The KAUST School campus is situated one hour’s drive north of Jeddah within the King Abdullah University of Science and Technology compound. This is a 16.7 square kilometer compound that is fortunate enough to have approximately 16 km of coastline along the Red Sea. On our school doorstep is a high-ranking university that has wide and diverse specialties. One of these departments is the Red Sea Research Center. Connections between the university and school are strongly encouraged, and this allows for a dynamic dialogue in both directions. Discussions with Dr. Burton Jones, a professor of Marine Science, have meant that we can forge real and authentic connections with our school curriculum and the graduate students at the Center.

The IB encourages schools to use the resources that are accessible locally. This makes the IB diploma experience a unique one for every student, depending upon where in the world they take their program. An ecology unit taught elsewhere might draw on the biodiversity of a tropical rainforest or a river’s edge. We at KAUST have the fabulous opportunity to use the relatively untouched coral gardens of the Red Sea as our playground.

Euan and I wanted to use the local expertise to our best advantage and managed to establish connections with two students, Matt Tietbohl and Sara Wilson at the Red Sea Research Center, with the help of Prof. Jones. We decided that a class trip with specialists would allow us to achieve some data collection using sampling techniques as well as allowing our students to experience the wonder of the Red Sea.

We explained to Matt and Sara the different parts of the curriculum that we would love for our students to experience in the water. The pair came to our school and enthusiastically explained their research in high-school-friendly terms, giving a pre-brief about the interconnectedness of food chains in our part of the Red Sea. They also had a chance to show some images of the organisms that students could expect to see in order to help with identification.

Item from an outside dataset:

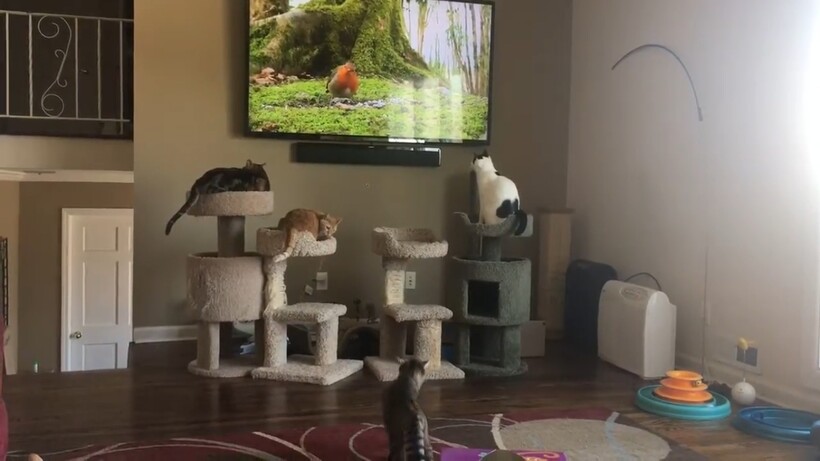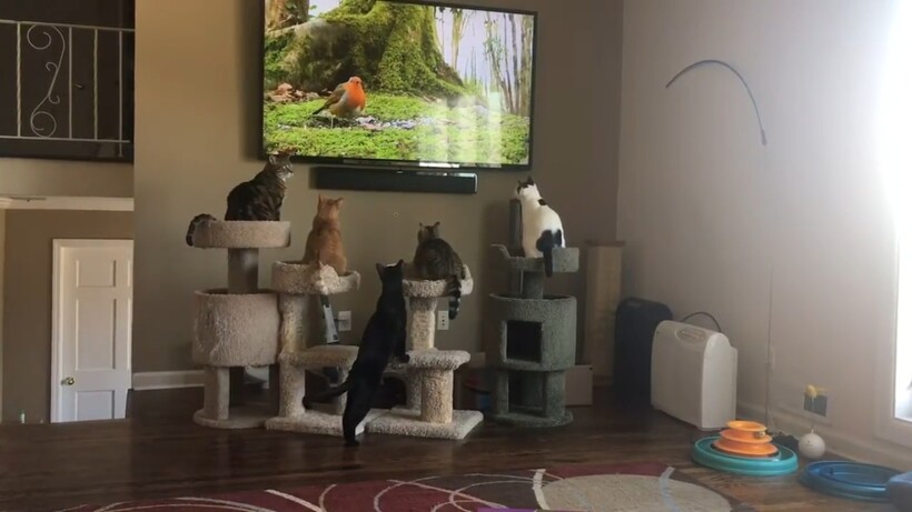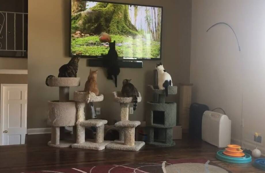 Кошки — удивительные охотники, будь то домашний кот, живущий в доме, или кот-охотник, живущий в лесу. Инстинкты побуждают их действовать, и в этот момент неважно, настоящий ли улов или нет. Вот, например, главными героями сегодняшнего ролика являются домашние кошки, объединившиеся в стаю, и телевизор.

On the following day, twenty-five Grade 12 students traveled by boat to an offshore coral reef an hour’s distance away where they could implement various sampling methods. Matt and Sara went ahead and carefully laid a line transect on the reef. Students were divided up into teams. They snorkeled up and down the transect lines in pairs, recording the organisms that they observed on their underwater clipboards.

Throughout our time in the ocean, Matt and Sara found organisms of interest and directed our students to what they saw. Students got a flavor of practical ecology and the challenges that ensue. One participant commented how hard it was to count fish when they insist on moving! The students have had the privilege of making links between the syllabus, binomial nomenclature, food chains and webs, adaptations, and the sampling of data collected.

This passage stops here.